4月22日、東京都内にて「リハビリテーションを考える議員連盟(リハビリ議連)」の第13回総会が開催されました。
衆参247名が名を連ねる同議連は、60年間手つかずの法改正と処遇改善を中心とした7項目を決議し、関係省庁に実効性ある対応を強く求めました。
衆参240名超が参画、拡大する議連
総会冒頭では、今回の総会までに新たに69名の国会議員が入会したことが報告されました。これにより、衆議院194名、参議院53名の計247名が参加する大規模な議員連盟となり、リハビリテーションに対する政治的関心の高さがうかがえます。
会の冒頭では、鈴木俊一リハビリ議連会長が「最初は10名程度で始まった議連であるが、量、質ともに強化されてきた。リハビリテーションは国民医療にとって重要であるが、リハビリテーション専門職は国家資格を取得しても処遇がよくないということで離職してしまう方もいるなど様々な課題がある」と現状を説明。
鈴木会長は、リハビリ議連に参加する国会議員に向けて「国民にとってなくてはならないリハビリテーションがしっかりと充実していくように積極的な議連に対する活動をお願いしたい」と挨拶がありました。
3団体からの7項目の要望
総会では、日本理学療法士協会、日本作業療法士協会、日本言語聴覚士協会の3団体から、現在の課題解決と未来を見据えた以下の7項目に関する要望事項が提示されました。
【要望事項】
- 約60年変わらない「理学療法士及び作業療法士法」の現代・次代を見据えた抜本的見直し
- 最低学位の3年制教育から世界レベルの4年制養成課程以上へ
- リハビリテーション施策を国家戦略として総合的かつ戦略的に推進するための統括部署の設置
- 報酬改定に紐付かない恒久的財源による処遇改善
- 医療・福祉・予防・保健・海外展開にいたる一気通貫のリハビリテーション施策の推進及びこれに必要な新たな財政措置
- 訪問リハビリテーションサービス提供専門機関新設の検討
- 外国人在留資格「医療」の項に「言語聴覚士」を追記
「理学療法士及び作業療法士法」の法改正については、それぞれの活動領域が広がっていることに加え、名称独占のあり方をめぐる課題があると指摘しました。
現行の規制では十分な抑止力があるとはいえず、実際に理学療法士に似た名称が横行しているとして、日本の医療の安全性と質の確保に課題があることが示されました。
出席した議員からは、昭和40年の法制定から60年間も抜本的な見直しが行われていない現状への驚きや、早急な法改正を求める意見が相次ぎました。
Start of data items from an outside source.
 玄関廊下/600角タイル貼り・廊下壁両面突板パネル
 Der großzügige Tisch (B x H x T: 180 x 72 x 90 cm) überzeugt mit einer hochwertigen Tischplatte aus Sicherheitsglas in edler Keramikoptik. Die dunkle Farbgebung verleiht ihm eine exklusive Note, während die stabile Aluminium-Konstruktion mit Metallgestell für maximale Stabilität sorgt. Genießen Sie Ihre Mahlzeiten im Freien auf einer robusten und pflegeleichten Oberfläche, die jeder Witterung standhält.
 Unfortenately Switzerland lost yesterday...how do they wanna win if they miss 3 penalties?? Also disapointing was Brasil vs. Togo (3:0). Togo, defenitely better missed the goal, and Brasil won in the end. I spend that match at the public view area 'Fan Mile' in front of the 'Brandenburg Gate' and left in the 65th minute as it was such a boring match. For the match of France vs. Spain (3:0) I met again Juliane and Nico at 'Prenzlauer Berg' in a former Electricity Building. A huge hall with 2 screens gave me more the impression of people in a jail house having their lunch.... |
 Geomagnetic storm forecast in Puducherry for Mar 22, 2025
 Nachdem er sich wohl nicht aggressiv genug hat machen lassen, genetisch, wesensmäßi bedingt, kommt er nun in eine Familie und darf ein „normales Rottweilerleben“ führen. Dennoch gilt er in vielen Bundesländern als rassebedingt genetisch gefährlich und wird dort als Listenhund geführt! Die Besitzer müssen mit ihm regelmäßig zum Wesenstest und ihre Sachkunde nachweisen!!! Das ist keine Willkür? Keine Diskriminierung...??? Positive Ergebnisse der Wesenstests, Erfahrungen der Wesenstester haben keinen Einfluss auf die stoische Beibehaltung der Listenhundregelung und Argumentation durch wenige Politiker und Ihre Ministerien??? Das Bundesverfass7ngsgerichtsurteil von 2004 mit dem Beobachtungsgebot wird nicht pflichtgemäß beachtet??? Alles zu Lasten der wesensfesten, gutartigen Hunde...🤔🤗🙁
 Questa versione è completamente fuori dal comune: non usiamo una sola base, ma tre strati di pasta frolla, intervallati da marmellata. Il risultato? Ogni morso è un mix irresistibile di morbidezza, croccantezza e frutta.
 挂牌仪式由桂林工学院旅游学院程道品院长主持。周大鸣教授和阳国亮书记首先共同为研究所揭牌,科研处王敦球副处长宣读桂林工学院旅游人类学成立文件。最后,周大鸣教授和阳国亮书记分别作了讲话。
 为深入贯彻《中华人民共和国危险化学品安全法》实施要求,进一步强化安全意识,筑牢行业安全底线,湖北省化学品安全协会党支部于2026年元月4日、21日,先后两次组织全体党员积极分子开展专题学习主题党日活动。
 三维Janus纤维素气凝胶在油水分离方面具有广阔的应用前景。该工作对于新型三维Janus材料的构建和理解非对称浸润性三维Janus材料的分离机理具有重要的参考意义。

また、若手が将来のキャリアを描きにくく、離職につながりかねない状況の改善に向けて、着実な処遇改善の継続が必要であるとの強い認識も共有されました。
鈴木俊一会長からの強い対応要請
総会の結びに、議連会長を務める鈴木俊一議員(自由民主党幹事長)は、関係省庁(厚生労働省、文部科学省、法務省等)の担当者に対し、実効性のある対応を強く求めました。
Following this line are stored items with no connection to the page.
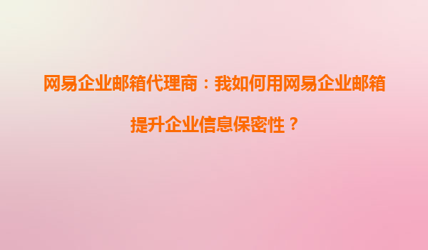 2025-10-13網(wǎng)易企業(yè)郵箱代理商:我如何用網(wǎng)易企業(yè)郵箱提升企業(yè)信息保密性? 引言 在數(shù)字化時代,企業(yè)信息安全成為重中之重。作為網(wǎng)易企業(yè)郵箱的代理商,我們深知信息安全對企業(yè)的重要性。本文將詳細介紹如何...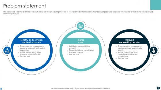 This slide exhibits problems identified by company faced by customers in acquiring life insurance. Key problems identified include lengthy and confusing application processes, complex policy terms, higher costs, and delayed underwriting decisions. Formulating a presentation can take up a lot of effort and time, so the content and message should always be the primary focus. The visuals of the PowerPoint can enhance the presenters message, so our Problem Statement Life Coverage Platform Pitch Deck was created to help save time. Instead of worrying about the design, the presenter can concentrate on the message while our designers work on creating the ideal templates for whatever situation is needed. Slidegeeks has experts for everything from amazing designs to valuable content, we have put everything into Problem Statement Life Coverage Platform Pitch Deck This slide exhibits problems identified by company faced by customers in acquiring life insurance. Key problems identified include lengthy and confusing application processes, complex policy terms, higher costs, and delayed underwriting decisions.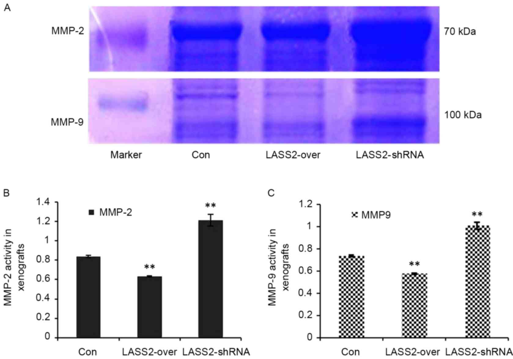 Data from the present study demonstrated that LASS2 overexpression had a tendency to inhibit the growth of xenografts; however, this result was not statistically significant. Previous studies have demonstrated that LASS2 overexpression inhibits tumor growth in vivo; for example, Fan et al (8) demonstrated that the combination of LASS2 overexpression and doxorubicin significantly inhibited the growth of xenografts in nude mice. Additionally, several previous studies have revealed that reducing MMP-2 and MMP-9 activity inhibited tumorigenicity and the growth of xenografts in nude mice. For example, Xu et al (30) reported that the silencing of LASS2 may promote invasion of human prostate cancer cell in vitro by increasing the activity of secreted MMP-2. Consistently, Mei et al (18) reported that the overexpression of LASS2 could inhibit the invasion of the human breast cancer cell line MCF-7 in vitro by suppressing MMP-2 activation and extracellular matrix degradation. In addition, a recent study has revealed that MMP-9 knockdown inhibited tumorigenicity in nude mice (31).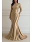 Linha A Tubinho Vestidos de noite Elegante Traje formal Formal Casamento Cauda Escova Manga Longa Ombro a Ombro Cetim com Pregas Franzido 2025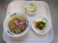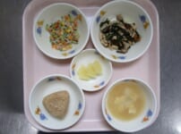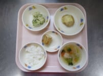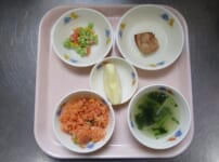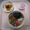 本日の給食は… *ごはん *チーズつくね <鶏ひき肉・焼き豆腐・玉ねぎ・れんこん・片栗粉・マヨドレ・おろししょうが・酒・鶏ガラ・塩・こしょう・油・みりん・砂糖・酒・チーズ> *青のり粉ふき芋 <じゃがいも・塩・青のり> *三平汁 <鮭・大根・人参・ねぎ・つきこんにゃく・小松菜・かつお昆布だし・塩> *バナナ 本日のおやつは… ◆牛乳 ◆シュガークレープ <ホットケーキミックス・牛乳・バター・グラニュー糖・粉糖> 本日のもぐもぐ期の離乳食は… 〇粥 〇鮭の煮物 <鮭・小松菜・じゃがいも> 〇大根スティック ...

鈴木会長は「やはり核となるのは、60年ぶりほったらかしであったものをどうするかということだ」と述べ、抜本的な法改正への取り組みが他の要望を前に進めるための鍵になると強調しました。さらに、「関係省庁の皆さんにおいては、これをしっかりと受け止めて、実現できるように真剣にやってください」と述べました。
また、「我々もただ集まって意見を聞いて『そうだそうだ』と思っているだけじゃない。真剣に取り組んでいるのだから、実現できるように全力でやっていただきたい」と強調し、議連としても全力でバックアップしていく姿勢を示しました。